Guild of Shepherds & Collies

Three Easy Steps to Protect Your Dog from Deadly Toxins


Deadly Toxins Are Closer Than They Appear

deadly toxins

Many of us know about common household pet poisons like mouse bait, antifreeze and chocolate. But did you know that our carpets, grassy lawns and even our pet's bedding are also teeming with potentially deadly toxins? Every day we unknowingly expose our pets to chemicals that can make them sick and possibly even shorten their lives, but thankfully we can do something about it. For a healthier life together, minimize your dog's exposure to toxins by following these three important steps:

Get Educated: How Do Dogs Absorb Toxic Chemicals?

Every day our dogs can be exposed to over 80,000 different chemicals because they groom themselves with their tongues and don't wear shoes. The book Pukka's Promise: The Quest for Longer Lived Dogs, goes into more detail, and in his interview with the National Public Radio show “Living on Earth,” author Ted Kerasote explains:

“Dogs are smaller than adult humans, and just like small children they receive a greater dosage of the environmental toxins around us per unit of body weight than do we. Dogs also are on the ground. They live on ground. They take in the world through their noses so they're breathing in chemicals that we don't breathe in. They also walk around bare-pawed on city streets, and on lawns that have been sprayed with herbicides.

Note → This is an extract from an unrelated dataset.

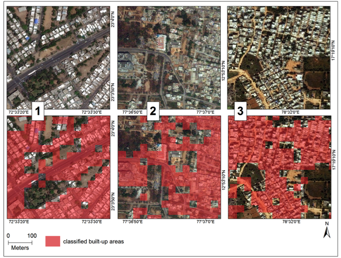 A detailed examination of the classification of built-up areas (visualized in red) compared to raw satellite images in five regions in India (classifier: Random forest with 10 trees, input: Landsat 8). Satellite images from DigitalGlobe. Includes copyrighted material of DigitalGlobe, Inc., All Rights Reserved.

And when they get home at night, they don’t take a shower, as do we. They lick their paws, they lick their fur, further ingesting these chemicals.”

Kerasote's book dives into detail about over-exposure to man-made chemicals, vaccines and food hazards. Read it and you'll think twice when you're playing a game of fetch on a lush grassy lawn or tossing a tennis ball with your pal.

Look Around: There Are More Deadly Toxins in Your Home than You Realize

Congratulations if you're already taking steps to keep common household toxins away from your pets.  The next step to a healthier, greener life together is identifying less obvious toxins in everyday items like:

Carpeting, Pet Beds and Food Bags

Paper pet food bags, pet beds and our own carpets can repel stains because they're made with a chemical known as PFCs or Perfluorinated compounds. PFCs are linked to a wide array of urgent health concerns and although they're more restricted than ever in the U.S., new legal variations of the same chemical are everywhere. Start reducing PFCs by avoiding products made with grease and stain-repellent qualities. Get rid of plastic pet food containers and bowls, and choose eco-friendly pet beds.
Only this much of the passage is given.